Details of a Sunset and Other Stories
- First edition
- Author: Vladimir Nabokov
- Translator: Dmitri Nabokov, Vladimir Nabokov
- Language: English
- Publisher: McGraw-Hill
- Publication date: 1976
- Pages: 179
- ISBN: 0-07-045709-3
- OCLC: 1818528
- Dewey Decimal: 891.7/3/42
- LC Class: PZ3.N121 Dg PG3476.N3

= Details of a Sunset and Other Stories =

1976 collection of thirteen short stories by Vladimir Nabokov

Details of a Sunset and Other Stories is a collection of thirteen short stories by Vladimir Nabokov. All were written in Russian by Nabokov between 1924 and 1935 as an expatriate in Berlin, Paris, and Riga and published individually in the émigré press at that time later to be translated into English by him and his son, Dmitri Nabokov.

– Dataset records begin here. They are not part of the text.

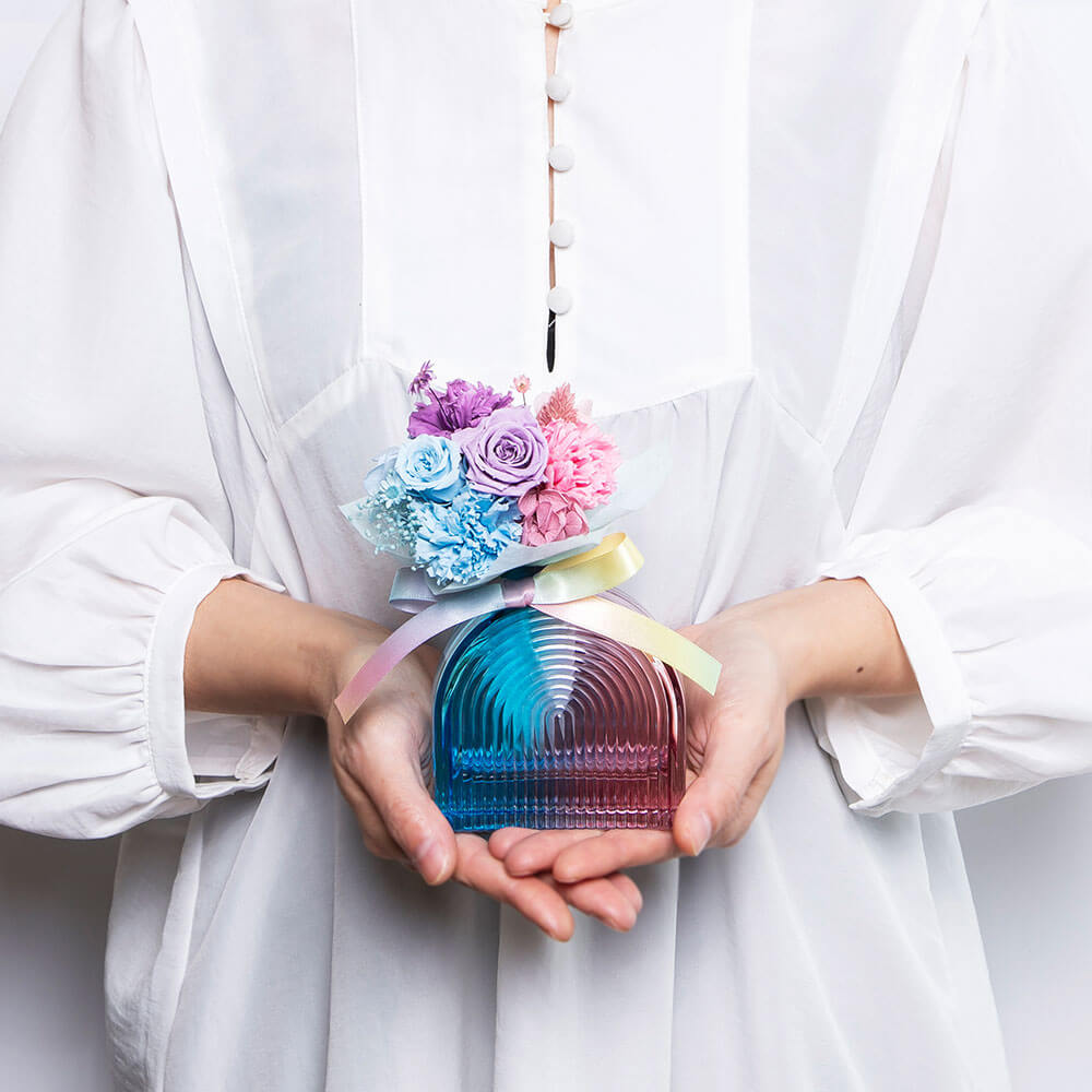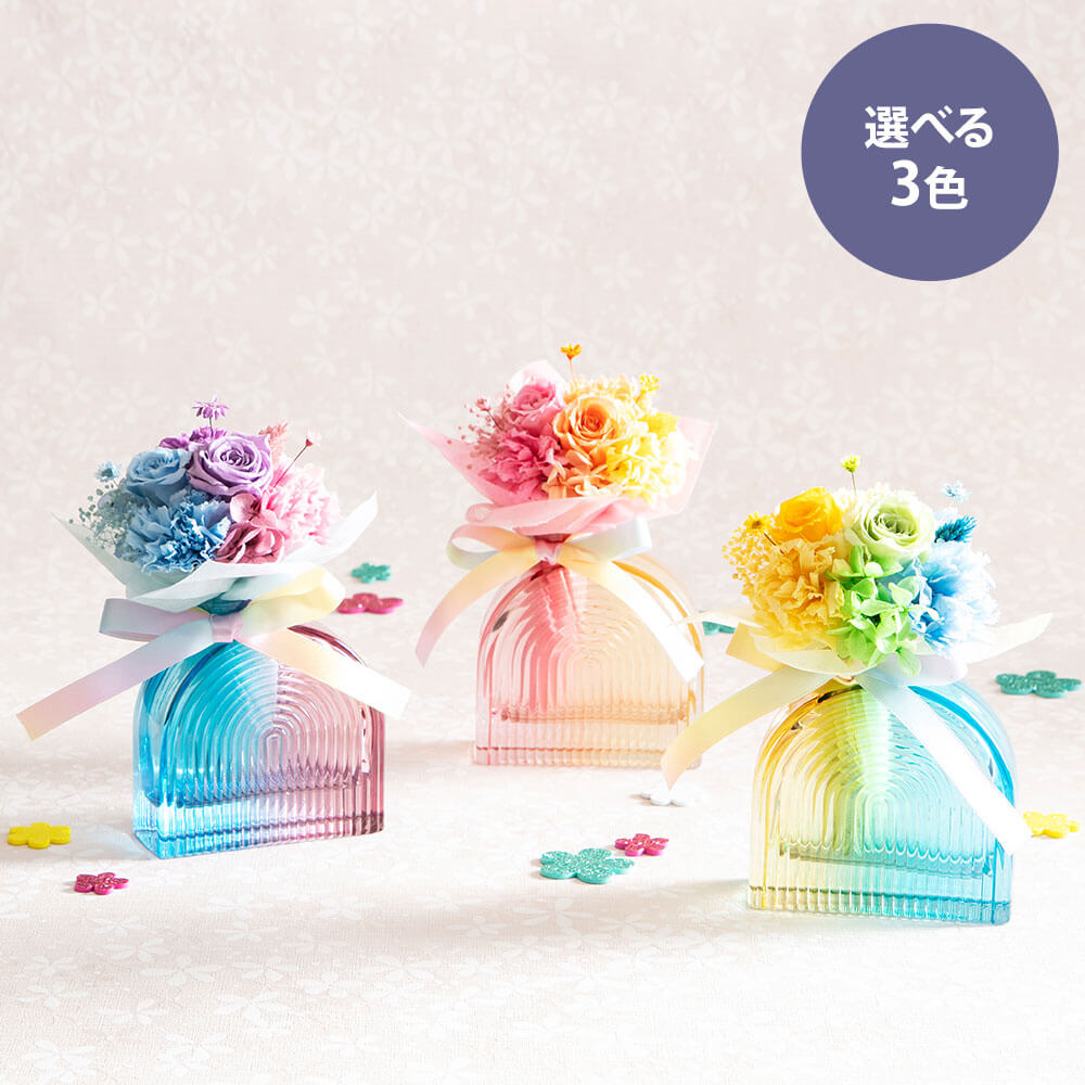 虹の橋のたもとで待つあの子をイメージして選べる、彩り豊かなブーケ風アレンジ。美しいグラデーションの器が、大切な場所を明るく清らかに彩ります。3種類並べると虹の色彩が繋がる、遊び心と優しさが詰まったデザイン。器のくびれ部分にパステルレインボーのリボンを結んでお届けします。
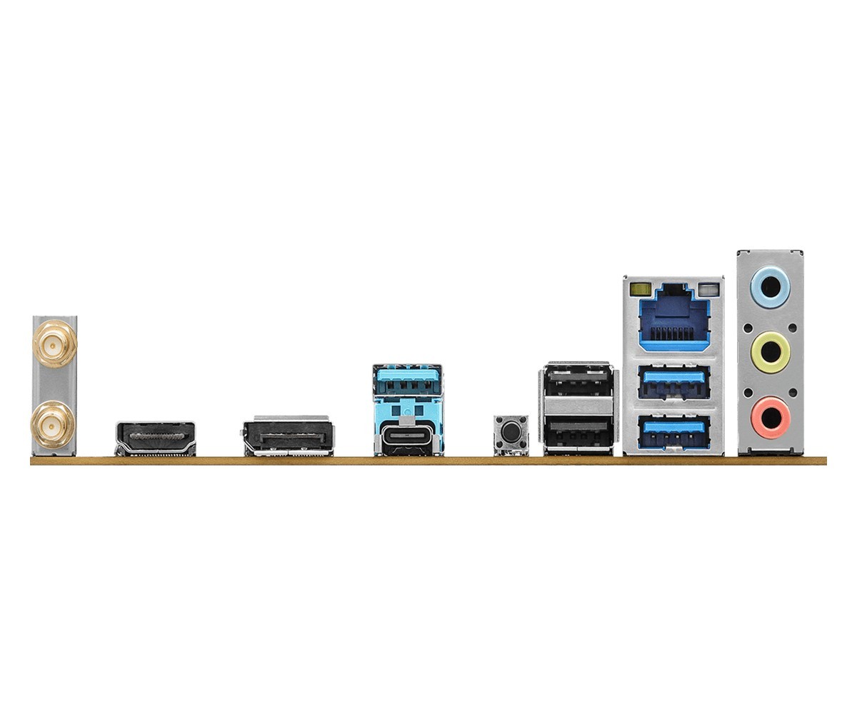 Złącza zewnętrzne: 1 x Line In, 1 x DisplayPort, 2 x USB 2.0, 2 x SMA, 1 x Przycisk BIOS Flash, 1 x USB 3.2 Gen 2 Type-C, 1 x Głośnik centralny / Subwoofer, 3 x USB 3.0, 1 x MIC, 1 x HDMI, 1 x RJ-45
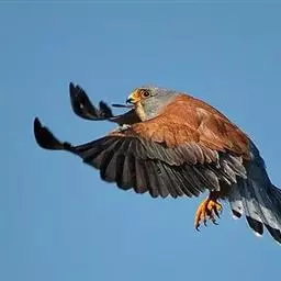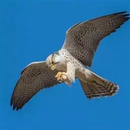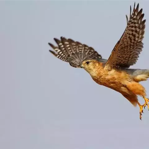 燕隼:是隼科、隼属的鸟类。体长约36厘米,体重140-340克。体形比猎隼、游隼等都小,为小型猛禽,…
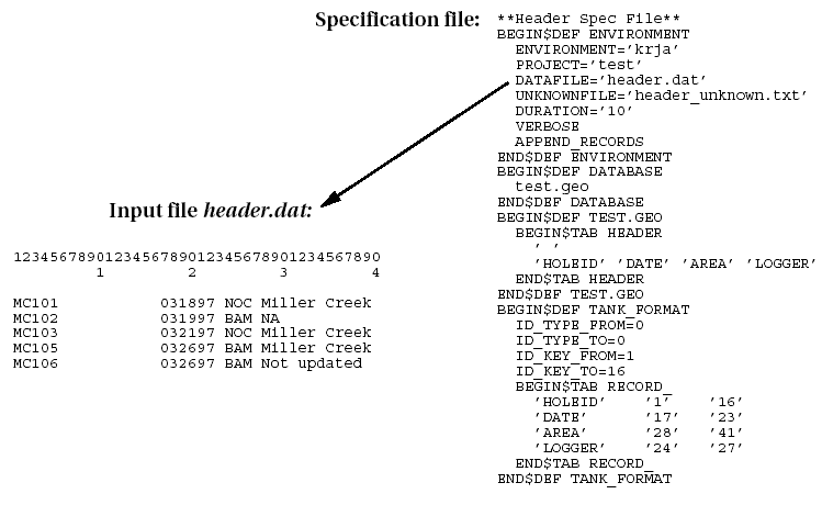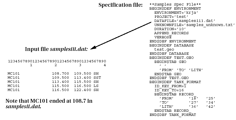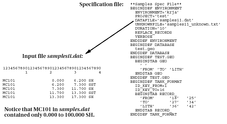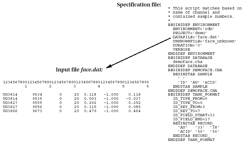 This section defines the input data file, i.e., the record type, position of fields in the file, etc.
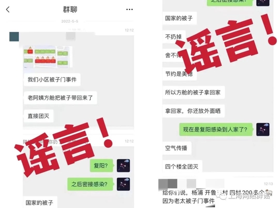 昨日,上海辟謠平臺收到不少網(wǎng)友留言,稱有多則聊天記錄提到“一個(gè)老太方艙回來偷偷把那邊被子帶回來……然后陽臺曬”,導(dǎo)致數(shù)層樓全陽。相似傳言在多個(gè)區(qū)傳播。
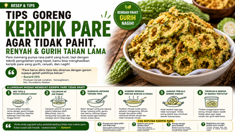Seorang pelaku usaha rumahan, Sunarti (51), membagikan tips sederhana agar keripik pare tidak pahit dan tetap renyah saat digoreng.
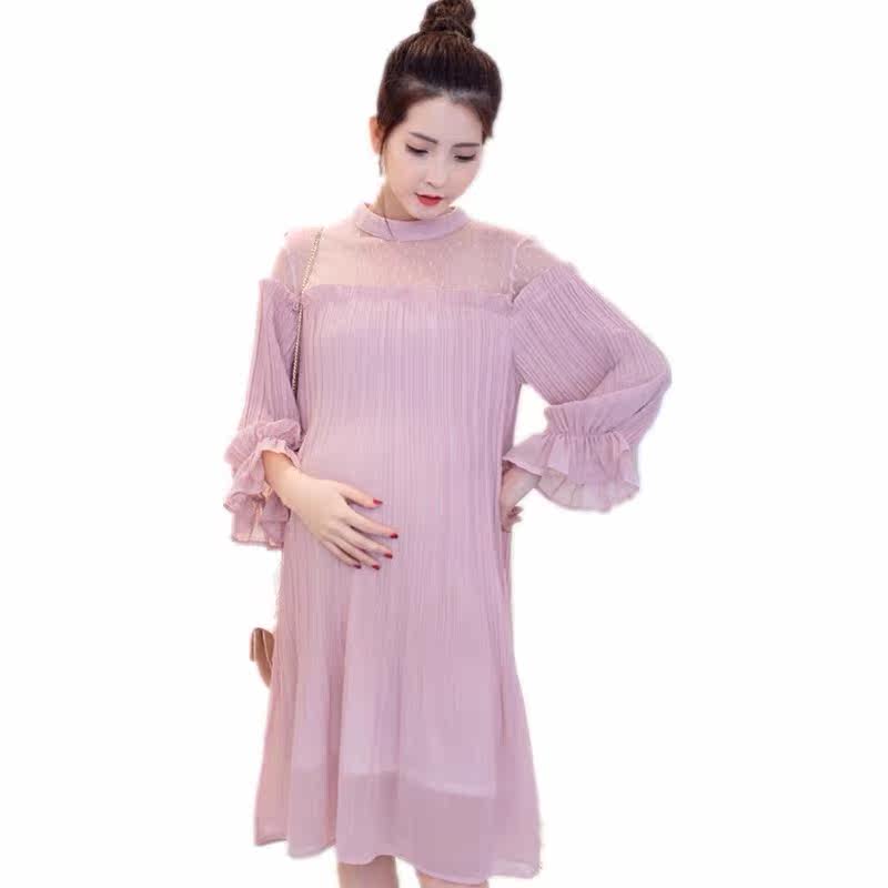 Pregnant Woman Snowspun Ocean Dress Summer Fashion style Damp Spicy Mother Personality Gestational Woman dress Han version 100 Pleated Skirt Fairy Fan Xia
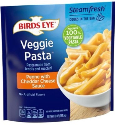 Enjoy savory sides without the hassle with Birds Eye Veggie Pasta Penne with Cheddar Cheese Sauce. Birds Eye Veggie Pasta lets you enjoy one of your favorite comfort foods with a boost of veggies. Traditional penne pasta is replaced with 100% vegetable pasta made from zucchini and lentils and is covered in a rich cheddar cheese sauce that's made with real cheese for a delicious frozen vegetable side everyone will love. Each serving of lentil and zucchini noodles provides 1/2 cup of vegetables, and this veggie pasta side is made with no artificial flavors for a delicious way to enjoy frozen sides without compromise. Serve this frozen side dish with your favorite meals, or add sausage, ground beef, pulled pork or other meat options to the penne pasta to make it a meal. Easily prepare the zucchini and lentil pasta in a saucepan on the stove in under 8 minutes or cook it in the microwave in less than 5 minutes with a 1 to 2 minute standing time. Store this 10 ounce bag of pasta sides in the freezer until you are ready to enjoy. It’s good to eat vegetables, so Birds Eye makes vegetables good to eat.
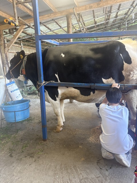 松本牧場さんで、酪農体験。乳搾りや餌やり、背中をブラシで擦ってあげたり。バター作...
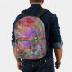 Dieser Rucksack ist abstrakt und in Aquarellfarben mit Pastellfarben in Rosa, Püree, Gelb und Grüntöne gehalten, die mit schwachen grauen Linien verwoben sind.
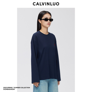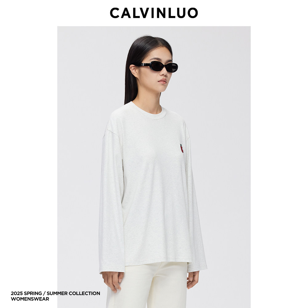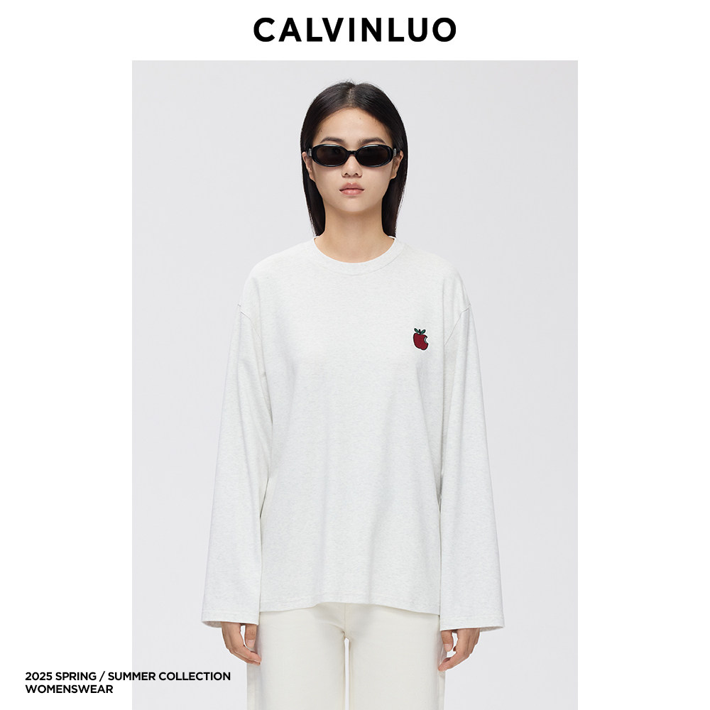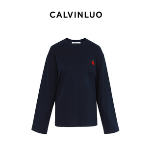 灰色 CALVINLUO 25SS新品 T恤 藏青色 苹果刺绣长袖

The collection was published with a foreword by the author in 1976.

==Stories included ==
- "Details of a Sunset"
- "A Bad Day"
- "Orache"
- "The Return of Chorb"
- "The Passenger"
- "A Letter that Never Reached Russia"
- "A Guide to Berlin"
- "The Doorbell"
- "The Thunderstorm"
- "The Reunion"
- "A Slice of Life"
- "Christmas"
- "A Busy Man"

==Reception==
Kirkus Reviews characterized some of the stories as "forgettable", but praised Christmas and A Busy Man as "singularly beautiful" and the best stories of the collection. Marina T. Naumann, writing for the Slavic Review, praised Christmas, The Return of Chorb, The Passenger, and The Doorbell as the best short stories of the collection.